Client complaints rampant online

By Bryan Borzykowski | September 24, 2007 | Last updated on September 24, 2007
4 min read

Buying groceries, checking sports scores and planning a night out aren’t the only tasks your clients are using the Internet for — they’re also voicing complaints about their financial institutions.

Last week, at a regulatory compliance conference hosted by Insight Information, Carol Allen, manager of compliance at TD Insurance, said more and more people are taking to the Web to rail against their banks.

She says places like the social networking site Facebook and other chat rooms and forums allow consumers to circumvent normal complaint channels and share their stories with like-minded consumers.

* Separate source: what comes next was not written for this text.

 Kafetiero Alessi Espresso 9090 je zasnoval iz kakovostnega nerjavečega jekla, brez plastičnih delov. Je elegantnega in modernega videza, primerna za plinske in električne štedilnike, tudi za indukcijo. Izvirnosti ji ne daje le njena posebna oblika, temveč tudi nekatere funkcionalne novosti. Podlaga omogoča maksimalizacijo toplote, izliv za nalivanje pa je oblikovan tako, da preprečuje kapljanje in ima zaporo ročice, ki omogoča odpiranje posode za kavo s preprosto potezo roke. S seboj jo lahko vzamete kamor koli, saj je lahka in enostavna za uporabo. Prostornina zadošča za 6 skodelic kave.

For proof that the web is becoming the go-to place to complain, Allen typed the word complaint into Google and got back 131,000 hits.

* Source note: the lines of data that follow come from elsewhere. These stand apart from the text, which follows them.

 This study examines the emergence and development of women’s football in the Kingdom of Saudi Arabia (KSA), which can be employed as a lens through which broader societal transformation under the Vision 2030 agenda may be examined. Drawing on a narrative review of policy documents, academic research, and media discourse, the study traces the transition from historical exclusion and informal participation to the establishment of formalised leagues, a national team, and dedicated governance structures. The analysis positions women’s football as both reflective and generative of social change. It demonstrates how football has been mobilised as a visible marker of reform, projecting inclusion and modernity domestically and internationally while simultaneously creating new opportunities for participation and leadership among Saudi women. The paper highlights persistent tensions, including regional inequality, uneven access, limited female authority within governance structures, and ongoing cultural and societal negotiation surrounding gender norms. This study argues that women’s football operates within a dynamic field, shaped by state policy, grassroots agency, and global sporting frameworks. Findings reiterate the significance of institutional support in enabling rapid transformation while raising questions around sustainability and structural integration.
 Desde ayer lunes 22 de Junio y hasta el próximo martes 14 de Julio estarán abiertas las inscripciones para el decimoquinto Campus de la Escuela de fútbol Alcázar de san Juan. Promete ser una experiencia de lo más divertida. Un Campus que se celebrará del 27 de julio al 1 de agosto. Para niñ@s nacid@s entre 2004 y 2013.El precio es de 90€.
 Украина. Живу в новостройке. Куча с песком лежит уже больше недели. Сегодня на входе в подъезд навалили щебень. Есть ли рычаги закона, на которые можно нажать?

Consumers are more aware of their rights than ever before, Allen said, adding that this progress is positive and she’s pleased that more consumers are informed.

One challenge, however, is that clients are increasingly threatening legal action to get what they want, which forces the financial institution to respond to legal complaints rather than the customer experience.

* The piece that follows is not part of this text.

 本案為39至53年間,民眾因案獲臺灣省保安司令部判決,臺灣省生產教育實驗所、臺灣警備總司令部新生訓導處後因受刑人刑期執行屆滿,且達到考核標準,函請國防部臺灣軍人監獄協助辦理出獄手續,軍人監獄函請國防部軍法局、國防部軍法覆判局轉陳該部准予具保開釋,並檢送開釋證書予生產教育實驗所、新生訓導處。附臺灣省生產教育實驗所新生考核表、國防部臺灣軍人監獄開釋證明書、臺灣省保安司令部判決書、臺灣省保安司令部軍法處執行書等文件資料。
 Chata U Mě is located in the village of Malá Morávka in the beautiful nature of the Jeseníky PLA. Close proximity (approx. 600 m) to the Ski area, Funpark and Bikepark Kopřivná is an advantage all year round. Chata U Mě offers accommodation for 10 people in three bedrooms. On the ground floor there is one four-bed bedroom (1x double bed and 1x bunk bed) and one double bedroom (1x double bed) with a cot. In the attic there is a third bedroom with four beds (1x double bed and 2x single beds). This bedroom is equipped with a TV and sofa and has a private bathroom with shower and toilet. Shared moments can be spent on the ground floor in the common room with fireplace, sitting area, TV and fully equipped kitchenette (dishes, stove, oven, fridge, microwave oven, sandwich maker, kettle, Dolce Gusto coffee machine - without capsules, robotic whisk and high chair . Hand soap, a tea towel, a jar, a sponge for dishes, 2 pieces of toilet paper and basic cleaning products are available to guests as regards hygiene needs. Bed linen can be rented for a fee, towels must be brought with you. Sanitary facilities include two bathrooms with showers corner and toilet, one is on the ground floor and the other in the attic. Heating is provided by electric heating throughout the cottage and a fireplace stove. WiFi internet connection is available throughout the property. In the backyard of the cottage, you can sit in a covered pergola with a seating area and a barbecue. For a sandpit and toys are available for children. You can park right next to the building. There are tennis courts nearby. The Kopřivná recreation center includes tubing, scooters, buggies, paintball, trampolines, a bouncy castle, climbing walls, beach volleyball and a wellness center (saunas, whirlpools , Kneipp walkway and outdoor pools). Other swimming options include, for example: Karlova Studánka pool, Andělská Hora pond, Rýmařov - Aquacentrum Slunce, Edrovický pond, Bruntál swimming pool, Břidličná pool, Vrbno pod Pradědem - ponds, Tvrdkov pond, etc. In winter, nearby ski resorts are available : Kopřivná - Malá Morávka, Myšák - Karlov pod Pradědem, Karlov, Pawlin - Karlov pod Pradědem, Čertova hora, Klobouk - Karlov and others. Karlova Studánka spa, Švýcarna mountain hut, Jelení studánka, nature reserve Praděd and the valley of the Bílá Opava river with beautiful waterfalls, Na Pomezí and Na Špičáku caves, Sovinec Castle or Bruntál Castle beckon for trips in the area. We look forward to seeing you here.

With so many different avenues for complaint, financial institutions should take any grievance seriously. In a TD poll conducted last April, 84% of respondents said one experience could make or break their relationship with a company, while 80% felt sharing their stories could influence another person’s purchasing habits. Sixty-six per cent of consumers wanted to feel appreciated by a company through good service, not incentives.

With the proliferation of online complaints, the advisory world is facing some of the same issues as the general financial industry, since public sites are often used by clients and advisors to complain about wrongdoing.

“There’s a moral suasion here,” says Lawrence Geller, president of Geller Insurance Agencies and operator of the For Advisors Only web forum. “The consumer goes on to the social networking site and finds, lo and behold, that they’re one of hundreds of thousands of people to whom this has been done.”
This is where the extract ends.